From the Insight operator pod logs:

    I0821 17:59:56.637562       1 insightsclient.go:111] Uploading application/vnd.redhat.openshift.periodic to https://cloud.redhat.com/api/ingress/v1/upload
    I0821 18:00:01.266355       1 insightsuploader.go:132] Unable to upload report after 4.62s: gateway server reported unexpected error code: 415 (request=0abffba15e904f23babad5f1b2725ee0):

Comment 2 W. Trevor King 2019-08-21 19:05:30 UTC

Looks like the current code to set Media-Type [1] may be insufficient?  Or https://cloud.redhat.com/api/ingress/v1/upload is being too picky about what it accepts?

[1]: https://github.com/openshift/insights-operator/blob/915a77d65a9862fa2411fac208e5b477e0f57924/pkg/insights/insightsclient/insightsclient.go#L90

Comment 3 W. Trevor King 2019-08-21 19:05:49 UTC

s/Media-Type/Content-Type/

Comment 5 W. Trevor King 2019-08-21 19:11:49 UTC

"Unknown" is a better holding component than "Installer"

Comment 6 W. Trevor King 2019-08-21 19:54:40 UTC

Bumped to Urgent because this is shutting down 4.2 upgrade CI:

https://ci-search-ci-search-next.svc.ci.openshift.org/chart?name=release-.*-upgrade$&search=gateway%20server%20reported%20unexpected%20error%20code:%20415

Comment 7 W. Trevor King 2019-08-21 20:47:54 UTC

Filling in here, the upstream server is complaining with logs like:

  {"level":"error","ts":1566410401.2626693,"caller":"upload/upload.go:76","msg":"Unable to find file or upload parts","error":"multipart: NextPart: EOF","request_id":"0abffba15e904f23babad5f1b2725ee0"}

The timing of the outage roughly corresponds to [1], although we don't understand how that could be leading to the 415s yet.  We're trying to work out the disconnect between the receiving code and the apparently fast uploads from the client:

  $ curl -s https://storage.googleapis.com/origin-ci-test/logs/release-openshift-origin-installer-e2e-aws-upgrade/5976/artifacts/e2e-aws-upgrade/must-gather/namespaces/openshift-insights/pods/insights-operator-b9466f584-tj2bb/operator/operator/logs/current.log | grep 'Uploading ' | tail -n2
  2019-08-21T18:21:56.106817612Z I0821 18:21:56.106759       1 insightsuploader.go:126] Uploading latest report since 0001-01-01T00:00:00Z
  2019-08-21T18:21:56.106899903Z I0821 18:21:56.106858       1 insightsclient.go:111] Uploading application/vnd.redhat.openshift.periodic to https://cloud.redhat.com/api/ingress/v1/upload

[1]: https://github.com/RedHatInsights/uhc-auth-proxy/commit/400b13527667056e403e96fbb8a97fc825598d9e

Comment 8 W. Trevor King 2019-08-21 21:13:51 UTC

We expect to be setting file [1] and the server code choking on it and setting the 415 is [2].

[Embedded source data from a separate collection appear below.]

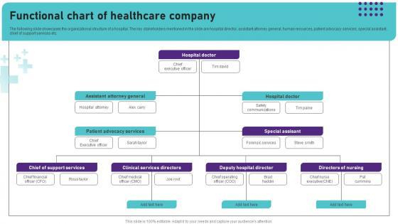 Make sure to capture your audiences attention in your business displays with our gratis customizable Functional Chart Of Healthcare Company Operational Areas Healthcare Introduction PDF. These are great for business strategies, office conferences, capital raising or task suggestions. If you desire to acquire more customers for your tech business and ensure they stay satisfied, create your own sales presentation with these plain slides. The following slide showcases the organizational structure of a hospital. The key stakeholders mentioned in the slide are hospital director, assistant attorney general, human resources, patient advocacy services, special assistant, chief of support services etc.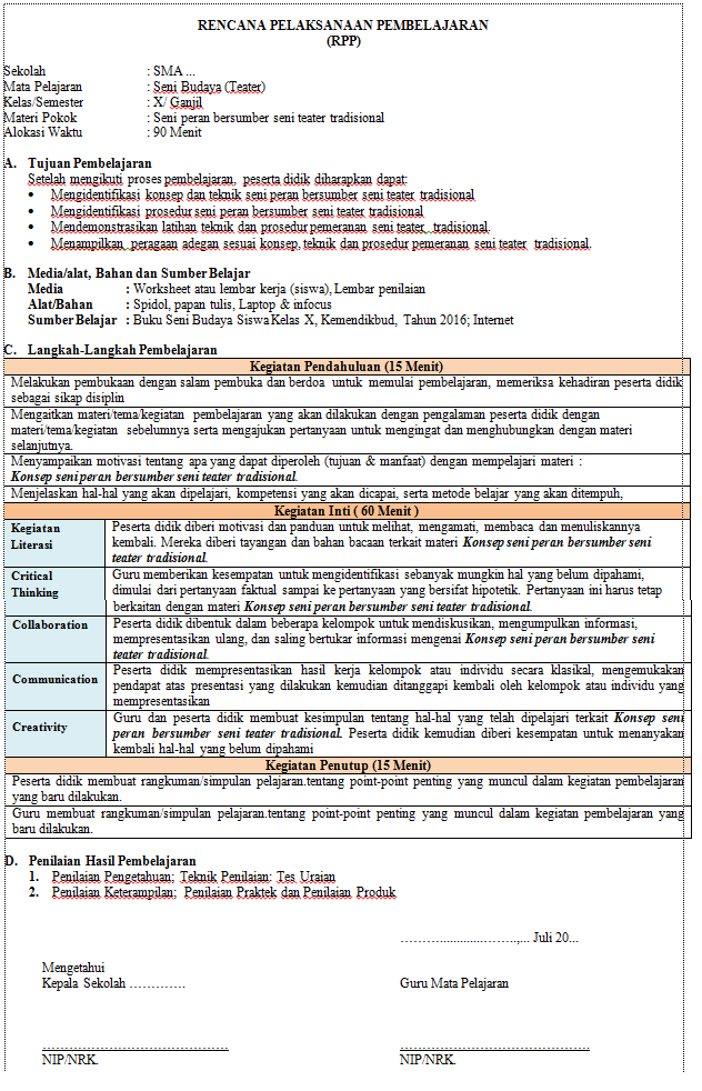 Rpp bahasa inggris berkarakter kelas 1, 2, 3, 4, 5 dan 6 sd. Mempra mempraktikka ktikkan n berbaga berbagaii keteram keterampilan pilan permainan permainan. Rpp 1 lembar smp seni budaya merupakan salah satu perangkat mengajar yang dibutuhkan setiap guru mata pelajaran seni budaya dalam perangkat seni budaya tahun 2020 meliputi rpp 1 lembar seni budaya kelas 7 semester 1 dan semester 2, yang disusun berdasarkan silabus seni budaya. Pada masa pandemi guru tetap harus membuat rpp. Makalah fisika kls x semester 1.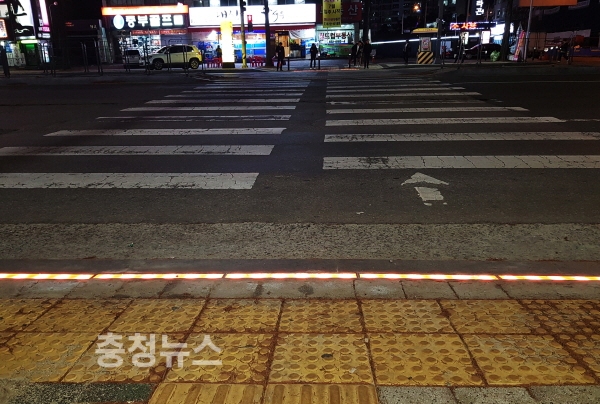 대전 유성구(구청장 정용래)가 야간 교통사고 예방을 위해 횡단보도 21개소에 LED집중조명시설 또는 바닥조명을 설치했다고 11일 밝혔다.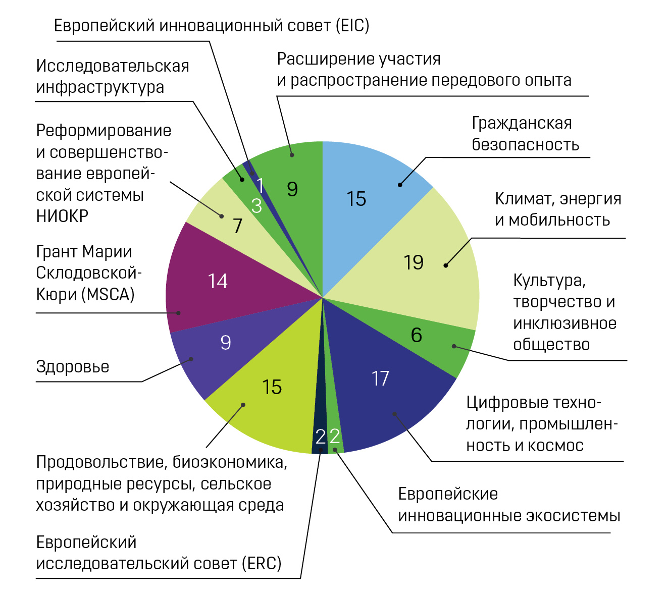 Кипрские организации регулярно участвуют в финансовых программах исследований и инноваций (R&K) Европейского союза. Вот как распределялись по тематикам исследований полученные гранты Horizon Europe.

[1]: https://github.com/openshift/insights-operator/blob/915a77d65a9862fa2411fac208e5b477e0f57924/pkg/insights/insightsclient/insightsclient.go#L93
[2]: https://github.com/RedHatInsights/insights-ingress-go/blob/06e05176c610f2b8fe0acb039ad11d0f1765274d/upload/upload.go#L82-L83

Comment 9 W. Trevor King 2019-08-21 21:15:28 UTC

The PR that landed just unblocks CI; it does not fix the underlying problem.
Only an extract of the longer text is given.